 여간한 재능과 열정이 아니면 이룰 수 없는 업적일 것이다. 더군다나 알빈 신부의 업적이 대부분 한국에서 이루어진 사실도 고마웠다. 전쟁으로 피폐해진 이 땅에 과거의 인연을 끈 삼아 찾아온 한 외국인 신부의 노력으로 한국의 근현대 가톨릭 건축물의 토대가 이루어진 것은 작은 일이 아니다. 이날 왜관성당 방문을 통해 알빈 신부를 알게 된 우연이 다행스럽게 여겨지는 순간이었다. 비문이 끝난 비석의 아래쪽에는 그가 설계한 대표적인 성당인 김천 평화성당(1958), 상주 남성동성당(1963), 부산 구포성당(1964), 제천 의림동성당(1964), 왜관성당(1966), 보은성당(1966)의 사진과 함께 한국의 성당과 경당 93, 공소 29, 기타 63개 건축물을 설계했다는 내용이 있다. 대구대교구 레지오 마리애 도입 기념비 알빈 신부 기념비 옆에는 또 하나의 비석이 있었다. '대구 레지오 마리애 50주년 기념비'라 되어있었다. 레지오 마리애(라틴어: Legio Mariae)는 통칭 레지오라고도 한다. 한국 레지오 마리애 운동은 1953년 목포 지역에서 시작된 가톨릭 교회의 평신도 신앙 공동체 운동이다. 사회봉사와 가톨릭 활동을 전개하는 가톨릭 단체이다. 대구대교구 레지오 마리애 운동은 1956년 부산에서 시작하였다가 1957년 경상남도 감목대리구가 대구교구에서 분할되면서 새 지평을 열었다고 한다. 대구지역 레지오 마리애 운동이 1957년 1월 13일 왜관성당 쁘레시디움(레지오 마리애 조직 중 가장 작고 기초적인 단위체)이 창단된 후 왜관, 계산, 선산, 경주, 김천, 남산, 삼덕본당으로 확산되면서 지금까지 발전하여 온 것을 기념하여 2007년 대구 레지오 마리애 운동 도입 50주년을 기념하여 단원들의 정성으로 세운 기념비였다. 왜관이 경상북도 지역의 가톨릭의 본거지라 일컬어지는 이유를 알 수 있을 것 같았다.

* * *

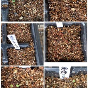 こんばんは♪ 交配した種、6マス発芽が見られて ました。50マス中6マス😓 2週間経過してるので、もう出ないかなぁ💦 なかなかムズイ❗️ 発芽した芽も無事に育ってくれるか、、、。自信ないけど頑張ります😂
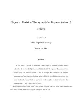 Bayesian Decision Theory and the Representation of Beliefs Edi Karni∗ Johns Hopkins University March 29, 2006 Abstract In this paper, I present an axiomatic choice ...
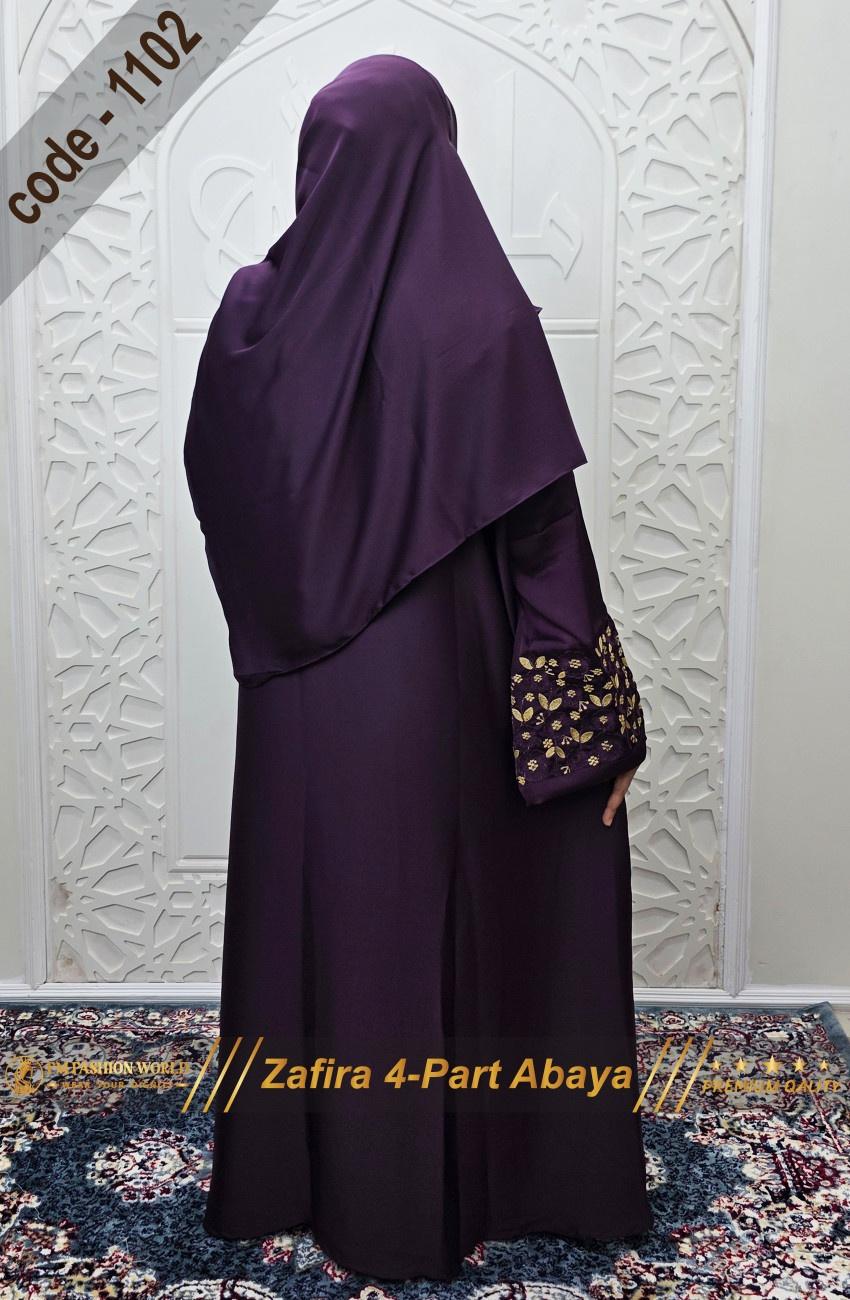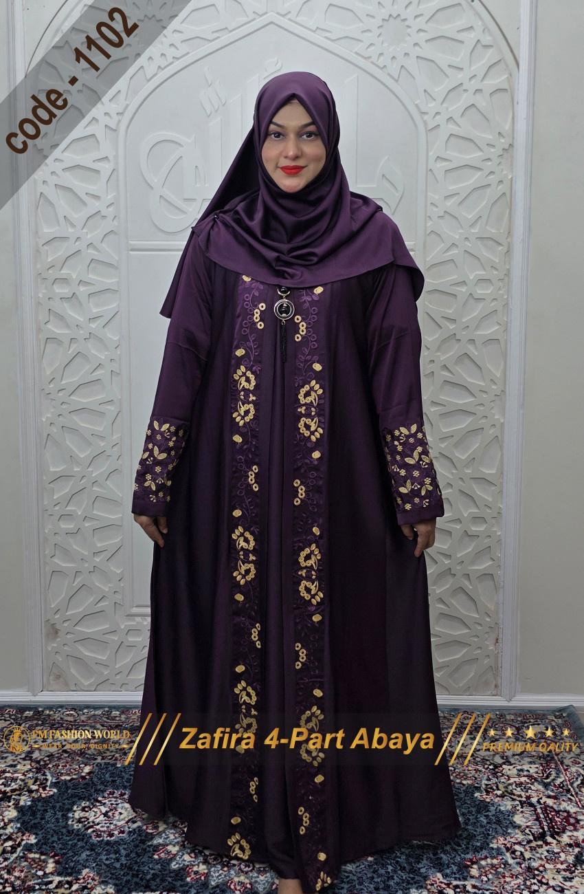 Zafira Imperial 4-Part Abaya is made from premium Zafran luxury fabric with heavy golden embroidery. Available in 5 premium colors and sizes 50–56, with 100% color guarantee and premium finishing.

> What you should do: For this exercise, return exactly the lines above from the line with "Bayesian Decision Theory" through the line with "Zafira Imperial 4-Part", both included. Do not copy the pictures.

> Answer box:
 Bayesian Decision Theory and the Representation of Beliefs Edi Karni∗ Johns Hopkins University March 29, 2006 Abstract In this paper, I present an axiomatic choice ...
 Zafira Imperial 4-Part Abaya is made from premium Zafran luxury fabric with heavy golden embroidery. Available in 5 premium colors and sizes 50–56, with 100% color guarantee and premium finishing.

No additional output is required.